Direct investment in Filevine, an American company offering a legal work SaaS integrated suite. The company provides software with a comprehensive suite of tools capable of managing every aspect of a legal case.

The investment in Filevine was initially made during the company’s seed round in September 2017, at an approximate valuation of $21 million. The company completed a new financing round of $400 million in October 2025, and Brainvest exited its direct position at a valuation close to $2.4 billion.

Twistlock

Venture Capital

IRR: 97% p.a. (USD)

MOIC: 7.3x (USD)

ENTRY VALUATION: $4.5M

Direct investment in Twistlock, an Israeli cybersecurity company that combines vulnerability management, compliance, and runtime defense for cloud-native applications and workloads.

The investment in Twistlock was made during the company’s seed round in May 2015, at an approximate valuation of $4.5 million. The company was acquired by Palo Alto Networks in July 2019 for a valuation of $436 million.

Private Equity

Salta

IRR: 30% p.a.

MOIC: 2.5x

The Salta Group was founded in 2013 from the merger of Pensi and Elite schools, two brands with a solid tradition in Rio de Janeiro. In 2014, the company had 18,000 students and approximately R$140 million in net revenue.

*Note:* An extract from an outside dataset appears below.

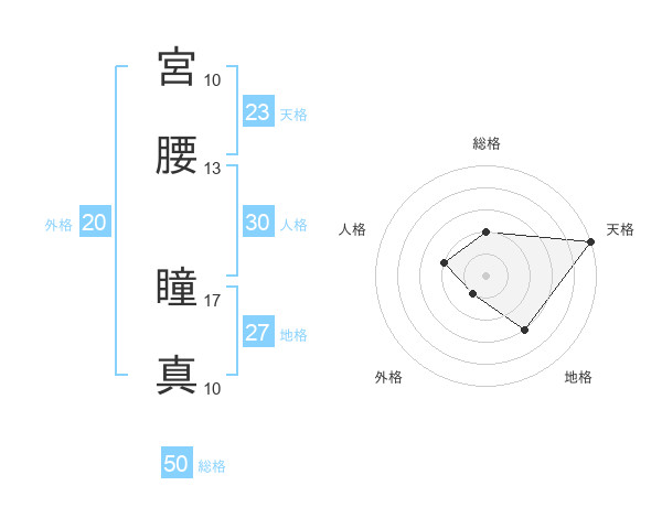 宮腰 瞳真さんの総格は50画の2点!
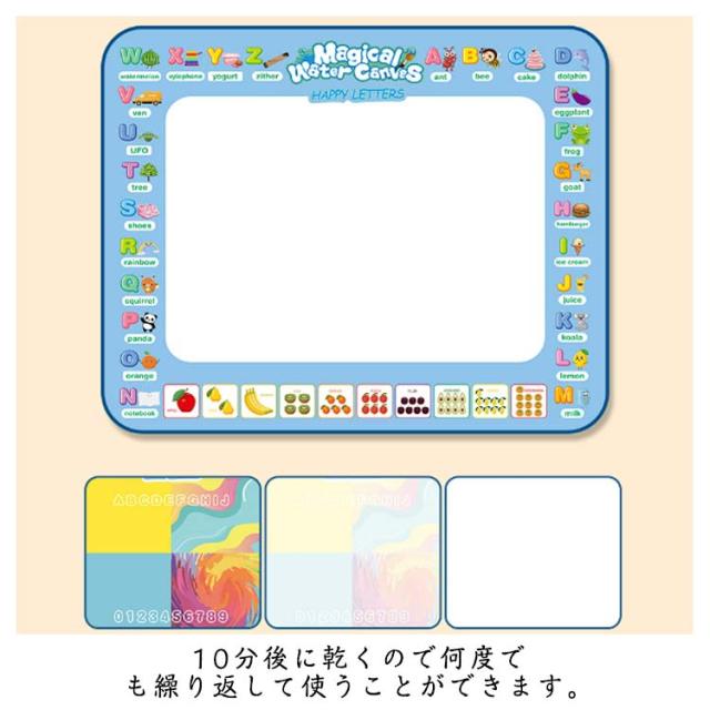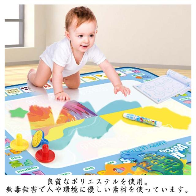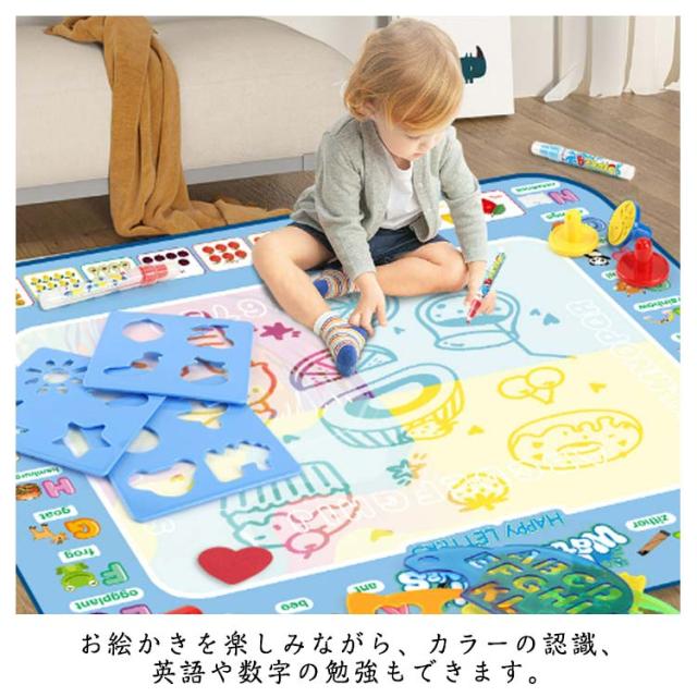 | ■商品情報 水だけでおえかきできるお絵描きシートです。床、壁、洋服を汚さずに遊んで頂けます。100cm前後の大きいシートですので、子供が自由にのびのびと楽しくおえかきできます。お子様への誕生日・入園・入学・クリスマスプレゼントとしてもぴったりです。 ■材質 良質なポリエステルを使用。無毒無害で人や環境に優しい素材を使っています。 ※カラー: 写真参考 ■セット内容 パッケージが含まれる: 落書きマット×1本 マジックペン×3 グラフィックテンプレート×2 ローラースタンプセット×1 ドローイングブックレット×1 ■ポイント 【お水で簡単】 付属のペンに水を入れて専用のお絵描きシートに描くことでお絵描きが楽しめます。10分後に乾くので何度でも繰り返して使うことができます。シートは折り畳んで収納でき持ち運びも便利です。 【知育おもちゃ】 水で描くとシートのの色が発色する不思議なシートです。お絵かきを楽しみながら、カラーの認識、英語や数字の勉強もできます。子供の右脳開発、手眼調和、認識能力、創造力などを向上させることができます。 【収納しやすい】 おえかきあそび、ぬりえあそびがが終わった後、おえかきシートを折り畳んで収納できます。ペンとスタンプをしまえる収納ボックス付きです。 注意:収納する前にはおえかきシートを乾かしペンの水を捨ててください。 | |

Today, it is the largest basic education group in Brazil, ending 2024 with 130,000 students and net revenue of approximately R$2.3 billion.Thegroup’s differential is quality, with 9 schools among the 100 best in Brazil.

The group has been undergoing rapid expansion, with EBITDA growth of 33% in 2024 and 27% in 1H25, maintaining stable leverage.

Special Situations

V Ports

IRR: 45% p.a.

MOIC: 3.0x

Port terminal acquired through a privatization auction of the controlling stake in Docas do Espírito Santos, renamed Vports. The auction took place opportunistically, being the first port privatization in the country, managing to buy the port for only R$ 118.2 million, with a 35-year concession contract. All construction obligations arising from the concession contract were already 100% completed in 2024.

The port has undergone a revaluation that valued it at R$ 1.5 billion (conducted by Ernest Young), as a result of the significant 51% growth in EBITDA and an increase in the port’s infrastructure and operating capacity.